This ain’t Hell, but you can see it from here » Blog Archive » VA’s John Sepulveda pleads the fifth

Remember those training seminars a few years ago that the VA held which cost us American taxpayers millions of dollars? Well, Congress has been exercising it’s oversight responsibility finally and questioning the people responsible for those lavish parties. John Sepulveda is the latest, the third, to hide behind the fifth amendment, according to the Washington Times link sent to us by Country Singer;

via This ain’t Hell, but you can see it from here » Blog Archive » VA’s John Sepulveda pleads the fifth.

Go ahead and click through, read the whole thing.

I certainly have no wish to deprive anyone of their absolute right under the 5th Amendment to remain silent.

But our civil service system is badly broken when the official actions of employees is effectively exempt from oversight by this means.

A simple fix would be that any invocation of the 5th is not merely grounds for, but results in, automatic termination.

I’d like to remind you that Scooter Libby didn’t have to talk himself into  a (dubious at best) conviction, but that President Bush made clear to all appointed officials during the Plame investigation that their continued employment was contingent upon speaking with an cooperating with the investigators.

Instead, with civil servants such as Louis Lerner, and now Mr. Sepulveda, we see employees who cannot be compelled to testify (fair enough) but who also face only the punishment of indefinite suspension… with pay! That’s what you and I would call “vacation.”

Hell of a way to run a railroad.

 

5 thoughts on “This ain’t Hell, but you can see it from here » Blog Archive » VA’s John Sepulveda pleads the fifth”

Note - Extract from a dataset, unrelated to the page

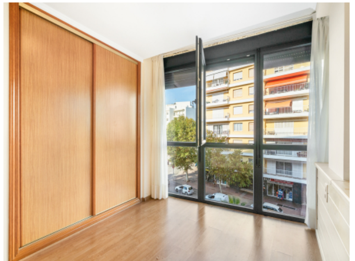
Bedroom with floor to ceiling windows

  1. I’ve had the same idea, but since firing – or threatening to fire – someone is undoubtedly a form of compulsion, the policy would have to be very carefully tailored to skirt the 5th amendment. I’m not sure that it can, or even should, be done.

      1. I just have problems with weakening Constitutional protections and giving government more power. Even – no, especially – when it’s for a “good” cause.

        I’m not saying it’s necessarily a bad idea, but we need to tread *very* carefully.

    1. A person taking the 5th may be exercising a right, but they are also being uncooperative and saying I was a part of the problem. With that kind of admission and behavior, they could be fired. Righteously.